IRELAND - Ireland should lower tax subsidies for executive pensions and redistribute tax relief to middle and lower pensions earnings, economist Gerald Hughes told a Dublin pensions conference yesterday.

The average value of an executive director's pension fund in a large Irish firm is €4.1m - 34 times more than the average €120,000 value for other employees, Hughes, a professor at Trinity College Dublin, told the Economic and Social Research Institute conference.

Employers' pension contribution for executive directors is almost 26% of salary, compared to 7% for other private-sector employees. Yet top managers make little no contribution to their own pensions, in contrast to other employees.

Despite the absence of employee contributions from executive directors, the top 20% of earners disproportionately benefit from tax relief and exemption from benefit-in-kind taxation, claimed Hughes. The estimated costs of relief and exemption from benefit in kind taxation were €150 million and €540 million, respectively, in 2007 - the last year for which data was available - on an overall employer contribution on behalf of employees of €1.4bn.

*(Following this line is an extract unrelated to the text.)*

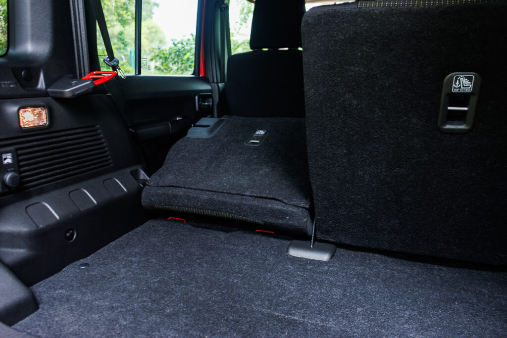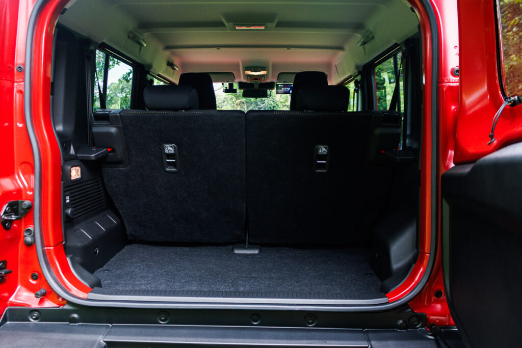 Alongside the added rear leg space, the boot has jumped from 85 litres for the 3-door, to 221 litres for the 5-door. This would mean that you can quite easily do a proper grocery run without the need to fold the back row of seats, unlike the 3-door. Speaking of the rear seats, the 5-door Jimny can offer up to 1,100 litres of cargo space.

Hughes was critical of two policies introduced this year to address the pensions disparity. The first reduced the annual earnings contribution eligible for pensions tax relief from €150,000 to €115,000, while the second cut the lifetime personal allowance of an individual pension fund from €5.4m to €2.3m.

He told attendees that while these measures would make the pension system more equitable, much greater equality could be achieved by reducing the annual earnings limits on pension contributions from €115,000 to €75,000, and by reducing the cap on individual pension funds from €2.3m to €0.6m.

He said the cap should take account of combined employer and employee contributions, as well as of state and private-pension benefits.

Hughes's research is based on a sample of 48 large companies, of which the majority are quoted. According to the sample, executive directors are far more likely than other employees to enjoy defined benefit schemes. In contrast to other employees, who are likely to retire at 65, executive directors will on average retire at just over 60 years.

Against the pension perks enjoyed by executives, Hughes cited a pensioner poverty rate in Ireland second only to that in Korea - and significantly above those in Portugal and Greece - among OECD countries.